START EXTRACTED DATA

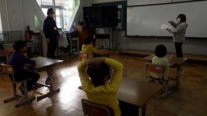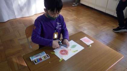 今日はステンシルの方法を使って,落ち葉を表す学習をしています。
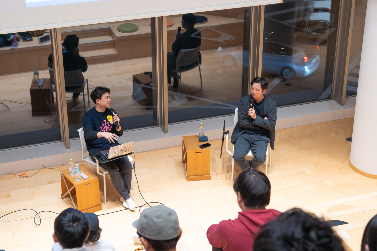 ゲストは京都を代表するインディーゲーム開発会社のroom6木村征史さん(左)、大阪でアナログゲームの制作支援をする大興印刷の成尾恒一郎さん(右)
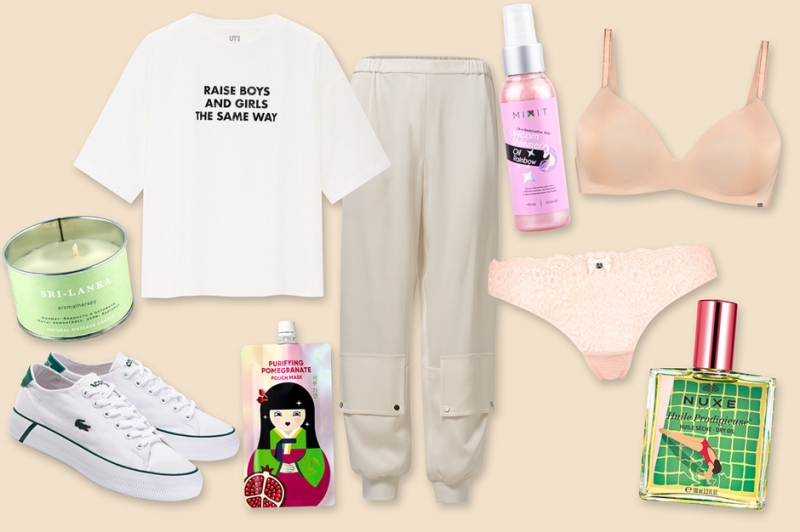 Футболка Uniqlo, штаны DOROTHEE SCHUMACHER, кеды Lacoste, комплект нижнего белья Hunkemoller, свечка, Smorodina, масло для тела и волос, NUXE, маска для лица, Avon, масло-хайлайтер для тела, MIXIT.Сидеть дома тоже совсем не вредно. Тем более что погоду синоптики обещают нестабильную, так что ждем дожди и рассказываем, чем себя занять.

END EXTRACTED DATA
START EXTRACTED DATA

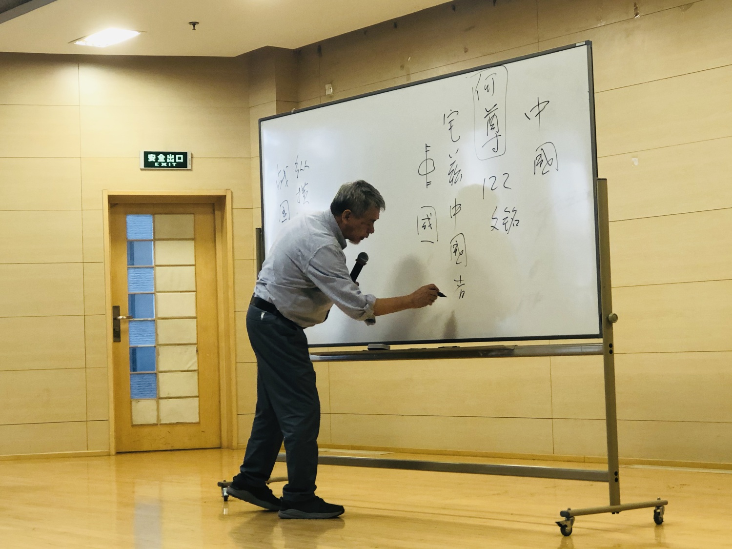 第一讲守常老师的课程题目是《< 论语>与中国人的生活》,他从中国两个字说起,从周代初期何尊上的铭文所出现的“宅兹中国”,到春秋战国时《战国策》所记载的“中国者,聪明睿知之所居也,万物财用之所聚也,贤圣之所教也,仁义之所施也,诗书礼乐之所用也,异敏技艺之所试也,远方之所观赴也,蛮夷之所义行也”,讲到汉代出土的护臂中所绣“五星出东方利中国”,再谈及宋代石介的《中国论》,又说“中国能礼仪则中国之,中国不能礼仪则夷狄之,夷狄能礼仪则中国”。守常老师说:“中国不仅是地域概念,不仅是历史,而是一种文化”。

END EXTRACTED DATA
START EXTRACTED DATA

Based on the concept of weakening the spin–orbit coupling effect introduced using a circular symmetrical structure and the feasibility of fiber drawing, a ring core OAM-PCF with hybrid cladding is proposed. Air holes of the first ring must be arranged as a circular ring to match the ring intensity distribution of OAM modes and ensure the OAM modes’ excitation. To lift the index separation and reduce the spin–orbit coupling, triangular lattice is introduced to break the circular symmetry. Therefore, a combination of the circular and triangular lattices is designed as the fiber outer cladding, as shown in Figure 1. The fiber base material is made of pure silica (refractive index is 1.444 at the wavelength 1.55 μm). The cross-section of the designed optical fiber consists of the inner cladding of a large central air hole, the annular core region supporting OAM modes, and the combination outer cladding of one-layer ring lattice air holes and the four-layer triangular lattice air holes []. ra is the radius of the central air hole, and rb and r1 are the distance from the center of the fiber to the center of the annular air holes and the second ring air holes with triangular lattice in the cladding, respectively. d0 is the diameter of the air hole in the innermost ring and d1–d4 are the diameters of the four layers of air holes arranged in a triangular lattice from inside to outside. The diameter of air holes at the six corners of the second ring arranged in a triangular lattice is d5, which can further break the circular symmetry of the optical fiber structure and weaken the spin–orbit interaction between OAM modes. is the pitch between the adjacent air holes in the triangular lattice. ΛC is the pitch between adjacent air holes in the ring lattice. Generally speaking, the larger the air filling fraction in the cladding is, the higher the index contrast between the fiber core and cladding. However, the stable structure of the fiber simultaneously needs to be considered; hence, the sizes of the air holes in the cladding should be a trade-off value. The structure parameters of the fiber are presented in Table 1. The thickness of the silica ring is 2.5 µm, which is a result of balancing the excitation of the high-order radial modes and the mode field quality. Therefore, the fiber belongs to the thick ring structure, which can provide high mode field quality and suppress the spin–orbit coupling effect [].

END EXTRACTED DATA

• [TASK TO CARRY OUT] Above are the records. Copy word for word only their lines from the one holding "今日はステンシルの方法を使って,落ち葉を表す学習をしています。" through the one holding "Футболка Uniqlo, штаны", both included, and skip the images.

• [EXERCISE SOLUTION]
 今日はステンシルの方法を使って,落ち葉を表す学習をしています。
 ゲストは京都を代表するインディーゲーム開発会社のroom6木村征史さん(左)、大阪でアナログゲームの制作支援をする大興印刷の成尾恒一郎さん(右)
 Футболка Uniqlo, штаны DOROTHEE SCHUMACHER, кеды Lacoste, комплект нижнего белья Hunkemoller, свечка, Smorodina, масло для тела и волос, NUXE, маска для лица, Avon, масло-хайлайтер для тела, MIXIT.Сидеть дома тоже совсем не вредно. Тем более что погоду синоптики обещают нестабильную, так что ждем дожди и рассказываем, чем себя занять.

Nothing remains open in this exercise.